Là-bas, j’ai eu le privilège de collaborer avec des malacologues (spécialistes des mollusques), entomologistes et botanistes confirmés ou débutants de nombreuses universités étrangères et avec de nombreux compatriotes du Muséum national d’histoire naturelle de Paris et de l’Institut de recherche et de développement.

Nous avons souvent été accompagnés ou guidés dans ces îles et sites par des membres passionnés d’associations locales de protection de la nature, d’agents impliqués des communes ou des services techniques du gouvernement de la Polynésie française.

Au sommet du Mt Orohena, point culminant de Polynésie française et des îles du Pacifique sud, avec des collègues d’associations de protection de la nature. Jean‑Yves Meyer

Certaines de la centaine d’espèces nouvellement découvertes et décrites en un quart de siècle m’ont été dédiées. Soit parce que je les avais collectées pour la première fois, soit en reconnaissance de la coordination des diverses missions qui resteront dans ma mémoire des aventures humaines inoubliables.

Marguerite, fougères et coléoptères

Ischnura jeanyvesmeyeri, demoiselle endémique de l’île de Raivavae aux Australes. Ron Englund

Parmi elles, figure une petite marguerite Bidens (Asteraceae) uniquement trouvée sur les falaises de Rapa aux Australes, qu’il a fallu escalader, un petit arbuste Coprosma des forêts de nuages de Hiva Oa aux Marquises dont on ne connaît que quelques individus mâles, une petite fougère épiphyte Grammitis (Grammitidaceae) restreinte aux plus hauts sommets de Tahiti entre 1900 à 2000 m d’altitude, une demoiselle Ischnura (Odonates Caenagrionidae) des zones humides de Raivavae (Australes), un coléoptère Pycnomerus (Zopheridae) des lambeaux forestiers de Tubuai (Australes). Ou encore un escargot arboricole Partula (Partulidae), unique survivant de ce genre sur l’île de Raiatea (Société) et découvert dans un vallon humide situé sous le plus haut sommet vers 950 m d’altitude après deux journées d’ascension à ouvrir une piste sur une crête étroite…

D’autres plantes à fleurs que j’ai collectées sur les sommets de Bora Bora, Moorea, Raiatea (Société), restent encore à décrire !

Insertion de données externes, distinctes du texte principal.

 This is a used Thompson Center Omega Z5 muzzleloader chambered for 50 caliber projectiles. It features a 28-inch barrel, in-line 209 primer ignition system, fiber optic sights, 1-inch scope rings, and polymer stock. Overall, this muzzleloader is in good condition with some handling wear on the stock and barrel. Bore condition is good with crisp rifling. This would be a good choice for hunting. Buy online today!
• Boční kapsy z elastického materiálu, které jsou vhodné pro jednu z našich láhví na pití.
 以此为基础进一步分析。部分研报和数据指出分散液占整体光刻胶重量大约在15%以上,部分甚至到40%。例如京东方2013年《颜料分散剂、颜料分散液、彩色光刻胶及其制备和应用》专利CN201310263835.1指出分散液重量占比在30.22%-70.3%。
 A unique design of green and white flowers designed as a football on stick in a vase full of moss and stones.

A peine découvertes, déjà menacées

Et pourtant, malgré la joie que procure leur découverte, la plupart de ces espèces souvent très rares sont malheureusement menacées de disparition dans leur milieu naturel par les activités humaines croissantes (urbanisation, déforestation, incendies, pollutions)…

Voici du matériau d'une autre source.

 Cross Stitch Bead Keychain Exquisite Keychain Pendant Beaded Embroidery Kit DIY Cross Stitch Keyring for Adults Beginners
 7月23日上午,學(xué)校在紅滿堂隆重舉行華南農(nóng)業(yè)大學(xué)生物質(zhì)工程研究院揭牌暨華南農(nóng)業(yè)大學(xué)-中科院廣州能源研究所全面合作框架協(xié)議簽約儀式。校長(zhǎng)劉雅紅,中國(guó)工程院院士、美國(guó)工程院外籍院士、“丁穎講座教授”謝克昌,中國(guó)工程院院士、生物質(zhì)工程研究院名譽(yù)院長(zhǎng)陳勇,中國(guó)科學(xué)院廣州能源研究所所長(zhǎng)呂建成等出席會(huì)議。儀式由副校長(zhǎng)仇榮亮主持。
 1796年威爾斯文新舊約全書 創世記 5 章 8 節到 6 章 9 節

JYHM collectant Bidens meyeri sur l’île de Rapa aux Australes. Ron Englund

Mais également et surtout par des espèces introduites devenues envahissantes (dites « invasives ») : chèvres, moutons et cochons sauvages détruisant les sous-bois forestiers, rats omnivores s’attaquant aux graines, plantules, oiseaux, squamates et arthropodes ; escargot et ver plat prédateurs de mollusques endémiques ; fourmis colonisatrices (comme la petite fourmi de feu et la fourmi jaune folle) ; très nombreuses plantes envahissantes dont le miconia qui forme de forêts denses à Tahiti et Moorea (archipel de la Société) jusqu’à 1200 m d’altitude ; insectes phytophages, champignons pathogènes et virus souvent non identifiés !

L’urgence de les protéger

Au-delà de leur description et publication dans des revues scientifiques spécialisées, la protection légale et la conservation in situ (parcs, réserves, aires gérées) de ces espèces nouvelles pour la science et menacées de disparition s’avère être une priorité si on ne veut pas qu’elles ne subsistent que sous forme de spécimens d’herbier ou dans les collections zoologiques des musées.

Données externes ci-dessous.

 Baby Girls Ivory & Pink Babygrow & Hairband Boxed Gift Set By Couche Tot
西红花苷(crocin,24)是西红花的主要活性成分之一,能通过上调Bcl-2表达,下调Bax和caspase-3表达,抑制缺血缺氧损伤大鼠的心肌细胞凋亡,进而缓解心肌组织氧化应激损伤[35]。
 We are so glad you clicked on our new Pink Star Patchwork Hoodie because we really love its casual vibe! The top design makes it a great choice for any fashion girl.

En cette période de « sixième crise d’extinction mondiale » et dans une nouvelle ère appelée « anthropocène », il est donc du devoir du biologiste et du naturaliste de documenter et de porter à connaissance du grand public, des gestionnaires d’espaces naturels, des autorités compétentes et des politiques, la richesse, l’originalité et la beauté de notre biodiversité (des gènes aux écosystèmes)… « avant que nature meure », comme l’écrivait l’ornithologue Jean Dorst du Muséum national d’histoire naturelle de Paris en 1965.